(Dataset items)
______________________________

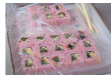
▲夏…納涼祭では外の屋台で巻き寿司や焼き鳥、今川焼など家族や職員と一緒に
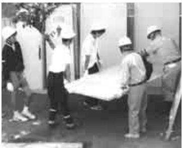
▲カンタン君の組立て

松ノ木防災会のエリアには松ノ木小学校と松ノ木中学校の二つの震災救援所運営連絡会があります。18年度の総合震災訓練の実施について何度も話し合った結果、中学生のボランティア意欲を喚起していくため、中学生にカンタン君の組立てをしてもらおうと考えました。カンタン君とは、区内で一カ
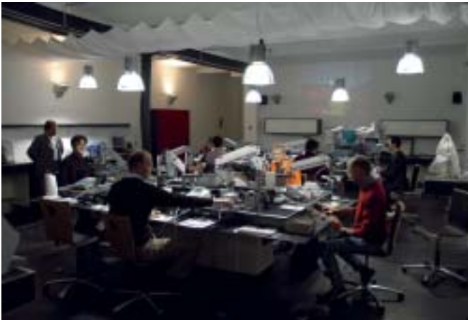
Abb. 3 Konzentriertes Arbeiten in den modernen und großzügigen Kursräumen.
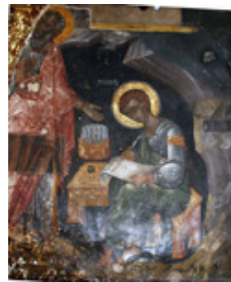
Άγιος Πρόχορος καὶ Ἅγιος Ἰωάννης ο Θεολόγος

______________________________

• WORK TO COMPLETE
Would you transcribe all of the data exactly, apart from its pictures?

• YOUR SOLUTION
▲夏…納涼祭では外の屋台で巻き寿司や焼き鳥、今川焼など家族や職員と一緒に
▲カンタン君の組立て

松ノ木防災会のエリアには松ノ木小学校と松ノ木中学校の二つの震災救援所運営連絡会があります。18年度の総合震災訓練の実施について何度も話し合った結果、中学生のボランティア意欲を喚起していくため、中学生にカンタン君の組立てをしてもらおうと考えました。カンタン君とは、区内で一カ
Abb. 3 Konzentriertes Arbeiten in den modernen und großzügigen Kursräumen.
Άγιος Πρόχορος καὶ Ἅγιος Ἰωάννης ο Θεολόγος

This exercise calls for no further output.